--- Exercise material ---
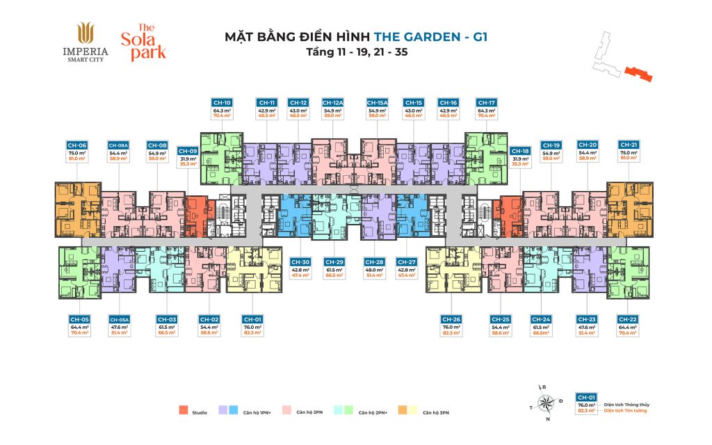 Loại hình căn hộ: studio, 1PN+1, 2PN, 2PN+1, 3PN
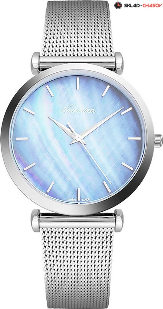 Классические женские наручные часы Adriatica на стальном браслете миланского плетения. Точность хода обеспечивает швейцарский кварцевый механизм ETA F04. Вес часов 65 грамм. Гарантия 2 года.
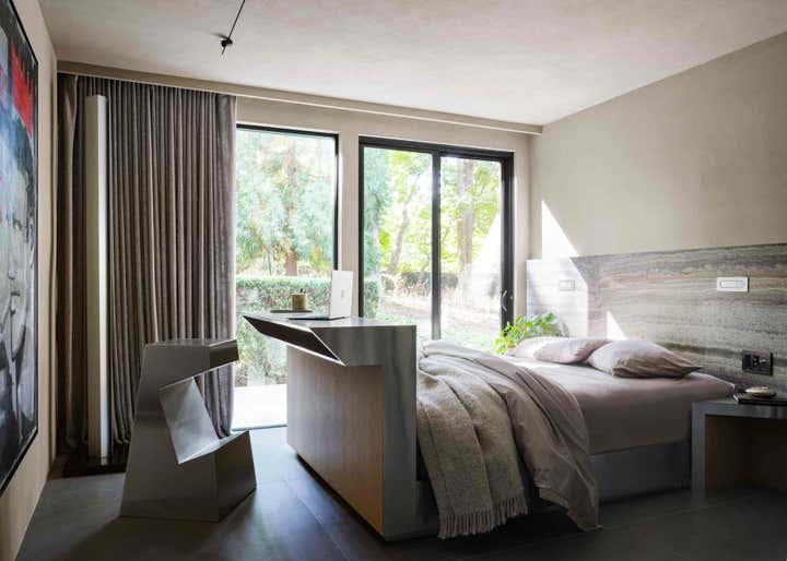 Much like Goldfinger’s lair, stainless steel is utilized throughout—from the furniture to the hardware. Mayan Ziggurat temples served as the basis for the living room fireplace, and the hanging garden was inspired by the work of Paul Rudolph (specifically, his angled walls).
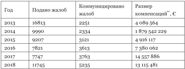 Из приведенных данных видно, что за истекший период времени количество приемлемых жалоб существенно выросло: если в 2013 г. их было около 12,5% (каждая восьмая), то в 2018 г. – уже порядка 48% (практически каждая вторая). Размер присужденных компенсаций претерпел существенные изменения, но в последние два года наметилась тенденция к его снижению.
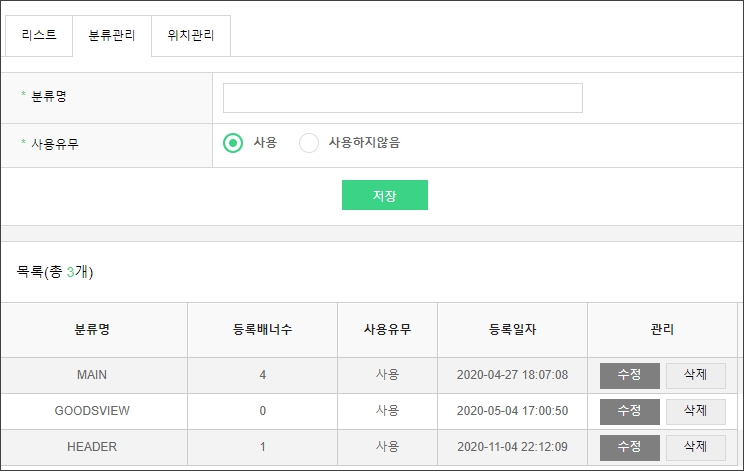 - 신규등록 : '분류명', '사용유무' 기재 및 선택 후 [저장] 버튼을 클릭하면 통합배너 분류가 신규 등록이 되며,
---
Requirement -
Look above for the line containing "Классические женские наручные" and the line containing "Much like Goldfinger’s", then reproduce both and everything between them exactly, pictures omitted.

Result for this exercise -
 Классические женские наручные часы Adriatica на стальном браслете миланского плетения. Точность хода обеспечивает швейцарский кварцевый механизм ETA F04. Вес часов 65 грамм. Гарантия 2 года.
 Much like Goldfinger’s lair, stainless steel is utilized throughout—from the furniture to the hardware. Mayan Ziggurat temples served as the basis for the living room fireplace, and the hanging garden was inspired by the work of Paul Rudolph (specifically, his angled walls).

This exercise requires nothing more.